I do believe they have, because the science and the data make the arguments. Where there’s maybe uncertainty about where PEPFAR’s going to invest is less about the microlevel, and more about the macrolevel. Is funding going to be retained at an appropriate, high level?
PEPFAR exists in a political context, and the U.S. government’s budget is the ultimate definition of politics. You choose what to do, and what not to do, and it’s expressed in the budget, and the budget is a political document. Everybody recognizes that. It’s a dynamic between an administration and a congress.
We have already seen in the third, Trump administration that there have been proposed reductions in funding for PEPFAR. We’ve also seen the level of bipartisan understanding of and commitment to PEPFAR, which I think matches or exceeds virtually any other international initiative by the U.S. government. In that dynamic, Congress has come back in to say, “we’re not cutting PEPFAR.” Quite publicly, Senator Graham and others believe that PEPFAR resources should be increased, given the challenges that we face and given the accomplishments so far.
“Ending AIDS in children isn’t by itself, of course, going to end or control the epidemic writ large. But it’s such a clear and possible step in the direction that we have committed to for 2030, of ending the pandemic as a public health crisis.”
—PEPFAR, including in the latest [country operational plan] process, has shown that it is focused on maximizing results from the resources that are provided, and not being overly distracted by the dynamic between the White House and Congress. At the end of the fiscal year 2018, it is at the same level of funding as FY17, and that’s reflective of two administrations with very different world views. We’re in the process of FY19, and certainly both parties, including the Republican appropriations and foreign relations leadership, which are very strong proponents of PEPFAR. That matters in the aggregate.
If there are proposed funding cuts, you have to trim sails a little bit.
Epidemic control focused on 13 countries necessarily also leads to the question of, “well what’s being left out if you focus the strategy this way in these countries.” There are countries not a part of that priority list and focus. You can’t control the epidemic globally, if it isn’t also controlled in Nigeria. I don’t believe you can control the epidemic if you don’t succeed in ending AIDS in children.

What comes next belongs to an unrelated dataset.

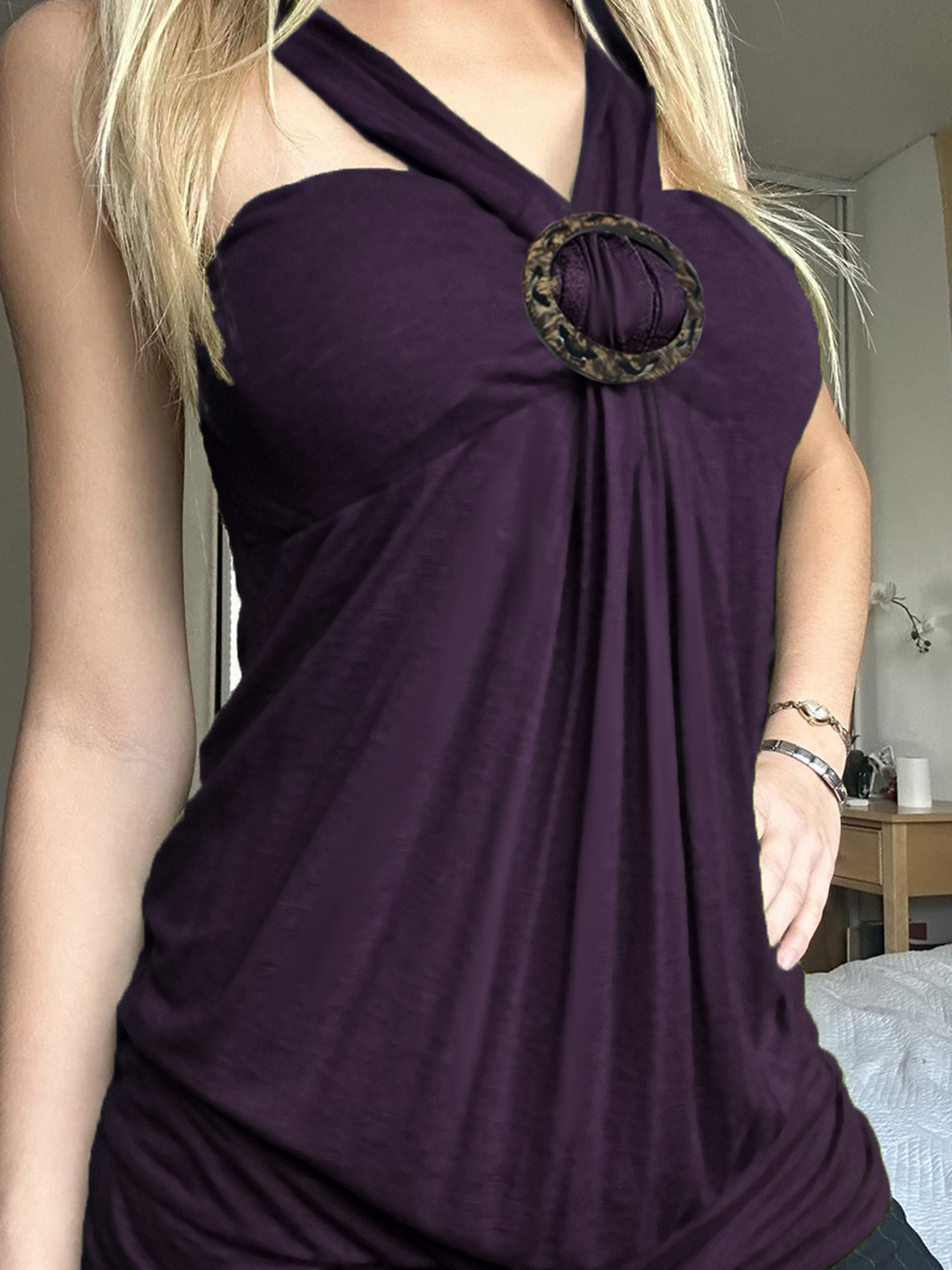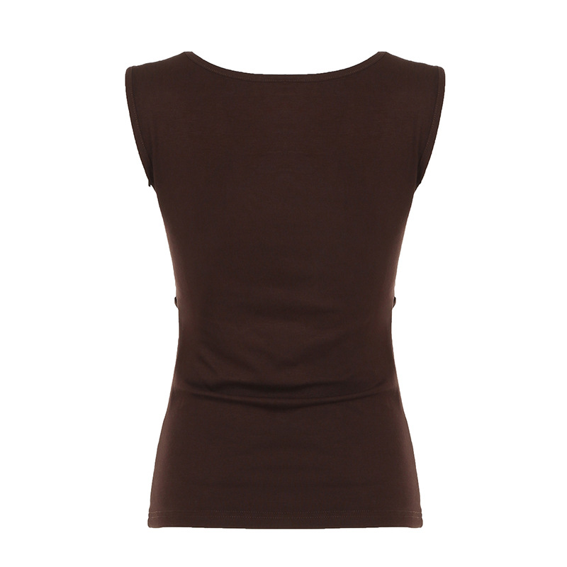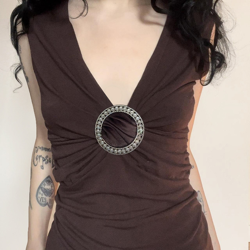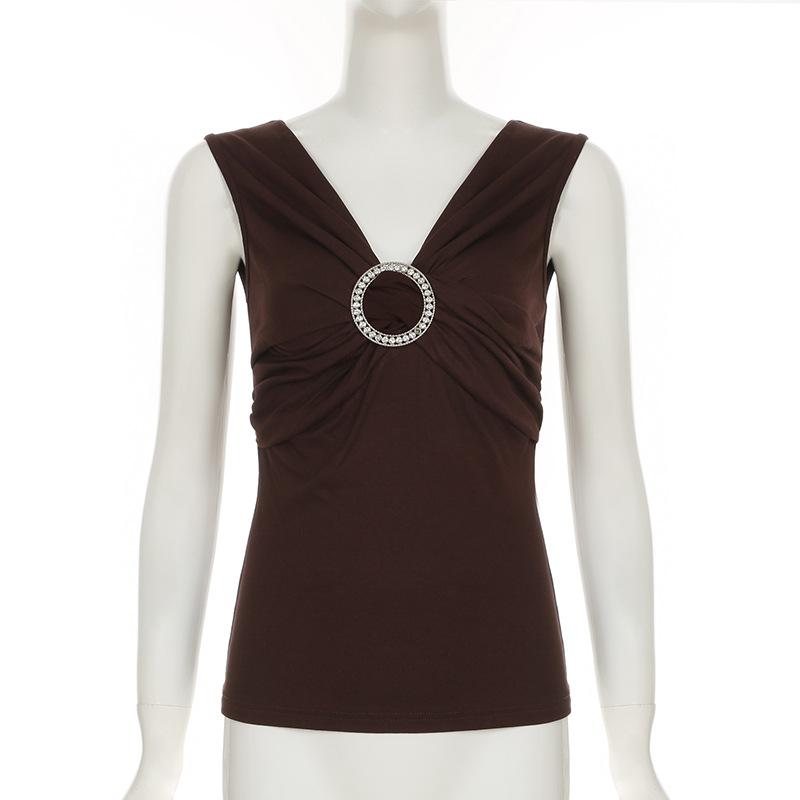 Mature and sophisticated deep V-neck vest with rhinestone ring embellishments

There’s a danger in a political context of focusing so much that you leave out either key cohorts or key geographies. I worry more about that in the current political context than I do about whether investments are being made here or there.

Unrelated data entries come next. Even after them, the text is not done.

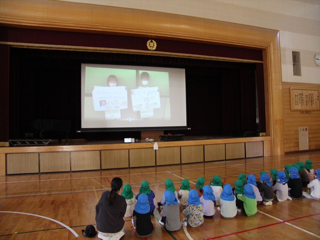 まず体育館で、1年生が事前に作った西小の紹介ビデオを年長さんたちに見てもらいました。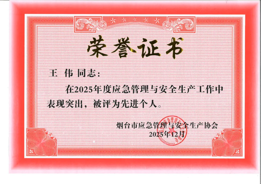 近日,烟台市应急管理与安全生产工作先进单位和先进个人评选结果揭晓,烟台项目部荣获“先进单位”称号,烟台项目员工王伟获评“先进个人”。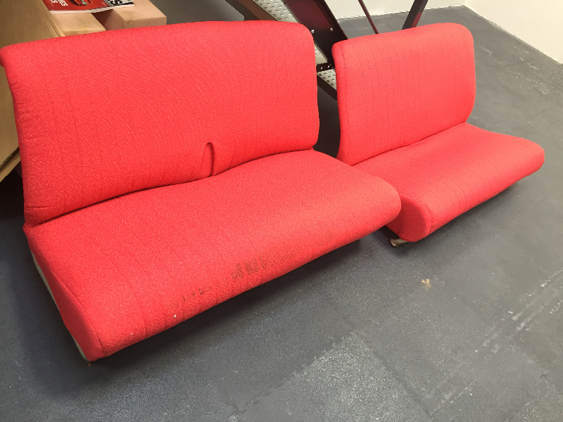 Un étape supplémentaire dans un tout autre domaine que la carrosserie, et un métier complètement différent et bcp plus proche de mon activité professionnelle. Voilà les banquettes refaites à neuf (caoutchouc, feutrines, coiffes avec le tissu rouge diamenté, et hamac).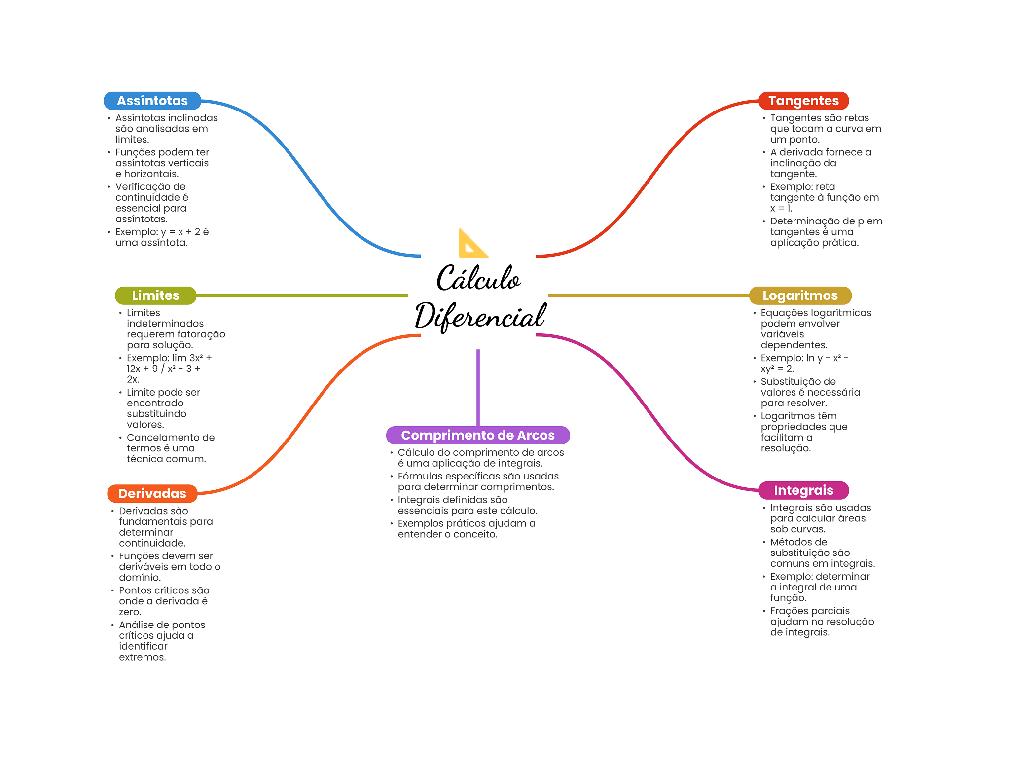 Assíntotas Tangentes Assíntotas inclinadas Tangentes são retas são analisadas em que tocam a curva em limites. um ponto. Funções podem ter A derivada fornece a assíntotas verticais inclinação da e horizontais. tangente. Verificação de Exemplo: reta continuidade é tangente à função em essencial para assíntotas. Determinação de em Exemplo: y = X + 2 é tangentes é uma uma assíntota. aplicação prática. Cálculo Limites Logaritmos Limites indeterminados Diferencial Equações logarítmicas podem envolver requerem fatoração variáveis para solução. dependentes. Exemplo: lim + Exemplo: In y xy² = 2. 2x. Substituição de Limite pode ser valores é necessária encontrado para resolver. substituindo Logaritmos têm valores. propriedades que Cancelamento de Comprimento de Arcos facilitam a termos é uma Cálculo do comprimento de arcos resolução. técnica comum. é uma aplicação de integrais. Fórmulas específicas são usadas Derivadas para determinar comprimentos. Integrais Integrais definidas são Derivadas são essenciais para este cálculo. Integrais são usadas fundamentais para Exemplos práticos ajudam a para calcular áreas determinar sob curvas. entender conceito. continuidade. Métodos de Funções devem ser substituição são deriváveis em todo comuns em integrais. domínio. Exemplo: determinar Pontos críticos são a integral de uma onde a derivada é função. zero. Frações parciais Análise de pontos ajudam na resolução críticos ajuda a de integrais. identificar extremos.

The investments need to continue to be made, regardless of the political context in ending the epidemic in children, not just because everyone feels strongly about protecting innocent children from contracting the virus or developing AIDS, but the success of countries when they do achieve virtual elimination of mother-to-child transmission. That’s a huge signal to the country, to communities, to the public health system in a country. We focused on this, we achieved it, we can do this.
Ending AIDS in children isn’t by itself, of course, going to end or control the epidemic writ large. But it’s such a clear and possible step in the direction that we have committed to for 2030, of ending the pandemic as a public health crisis.
Ending AIDS in children is a milestone on the pathway to ending it as a public health crisis, and that’s something that Tony Fauci and others recognize that there’s no scientific obstacle to. It’s about political will. It’s about resources. It’s about the effective use of those resources. We have all sorts of data to show that, if we stay on this path, continue to invest, continue to improve and adapt, that is a public health milestone that’s possible and that’s necessary to achieve the larger goal of controlling the epidemic.